Michael stood alone in the parking lot and watched her drive away—just him, a church, and a cross. Laurie cried so hard she thought she would die from the pain.

Michael received a call later on that day from an associate asking for a gram of heroin.  It would become a pivotal moment.  Michael walked into a sting operation; five police units were waiting. His friend was offered less jail time in exchange for giving up a “fat cat.”

He was sent to rehab and while working at a fundraising car wash, he saw a Rock Church sticker on a car. “My parents just started going there,” he told the driver.

“Hmmm,” said the driver. “I feel the Lord is telling me you need to go to the Rock School of Ministry.”

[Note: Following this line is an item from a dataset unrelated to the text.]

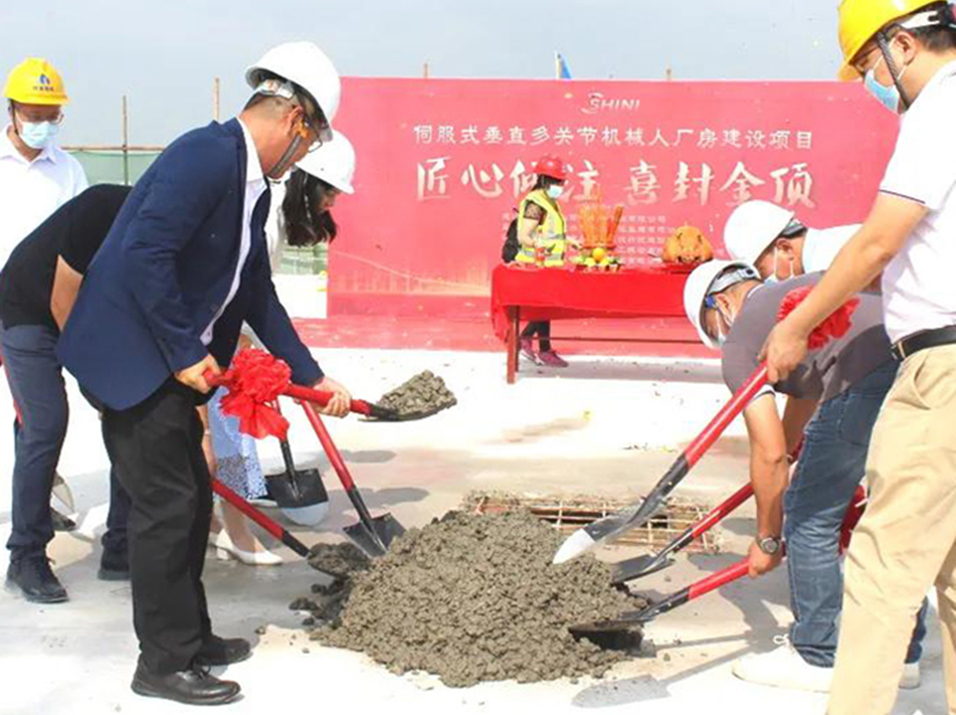 In 2003, the Shunde branch of Shini Plastics Technologies (Dongguan), Inc. was established, mainly offering services for clients in the West Bank of the Pearl River. With the further development of the plastics industry and market, Dongguan Shini started to find suitable land to build the factory in the Pearl River Delta area in 2016. Having highly recognized the business capacity and brand of Dongguan Shini, leaders at all levels of the Management Committee of Daliang Wusha Industrial Zone and the Economic Development Bureau at Daliang Street in Shunde provided Shini with the new address. Finally, they signed the land agreement on July 28th, 2020. Consequently, the project was officially started on March 25th, 2021, and the new plant roof-sealing ceremony of Shini Plastics Technologies (Foshan), Inc. was held on that day.
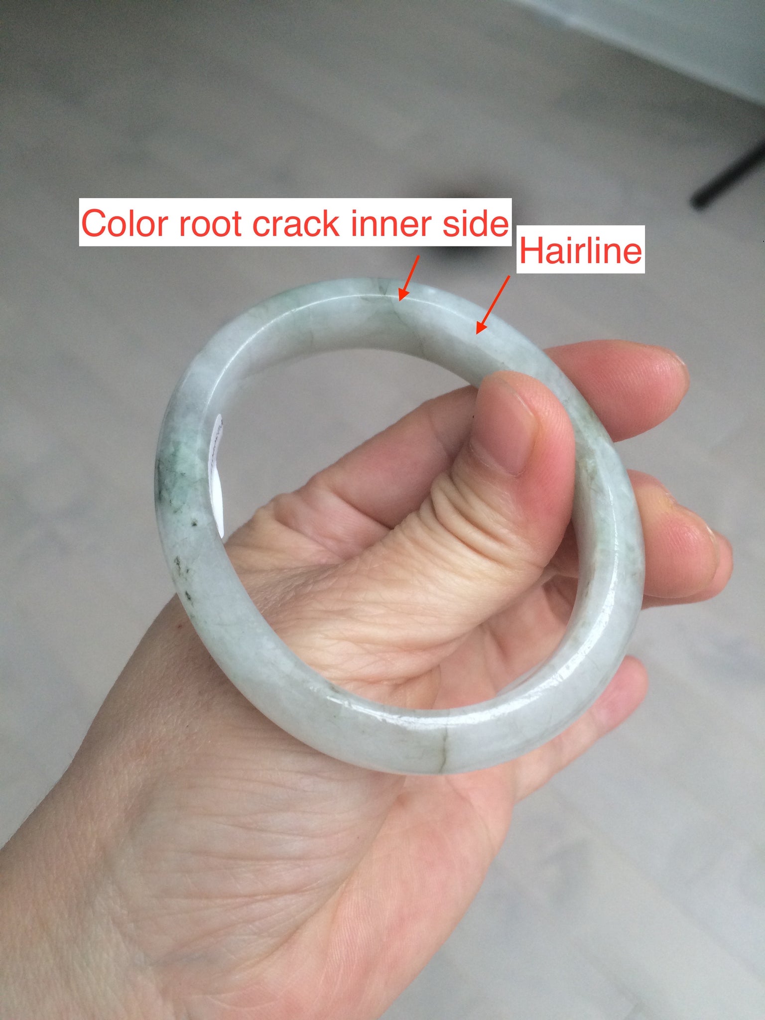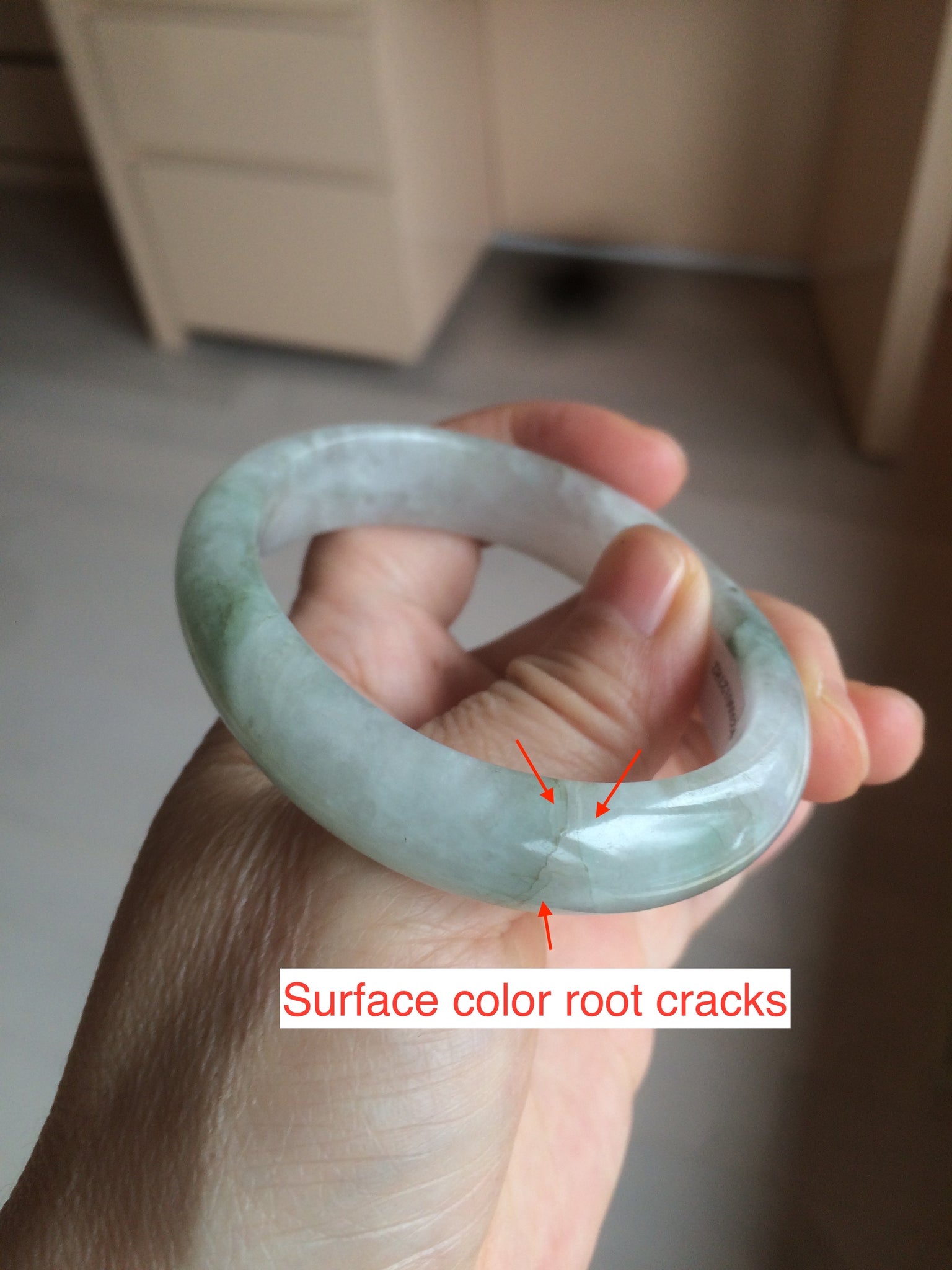 Flaws: Some color root cracks. Some hairlines, cotton lines, and cotton areas. Some mine pits. Some cotton areas and spots.

“Hmmm,” said the driver. “I feel the Lord is telling me you need to go to the Rock School of Ministry.”

Yeah, whatever.

The day he was released, he had nowhere to go. He came across the man’s number from the car wash. “Rock School of Ministry,” he thought. “Maybe I’ll try that.”

The day he walked in just so happened to be “Bring Your Friend” day. It hit him like a bolt of lightning. “This is where I’m supposed to be!” he thought. A smile spread across his face as Jesus came to him in the smiles and embraces of the people there. Learning about the lavish love of Jesus Christ, he didn’t feel lonely and awkward anymore. In fact, the more “himself” he was, the more loved he seemed to feel. 

After a short time, the young man who had plummeted to the depths of human existence was high atop a mountain in Oaxaca, cutting a path in the jungle while trying to reach a village to speak of Jesus. Says Michael, “I was already in the grave. All that was missing was the dirt and gravestone. Now I live a life filled with joy and purpose. How can I not tell others about a Savior who offers that kind of love?”

Michael has forgiven his abuser and genuinely hopes he has a blessed life. “I used to try to numb the memory of what he did to me,” he says. “But God has given me the opportunity to forgive him, and I get to feel all the glory of that.”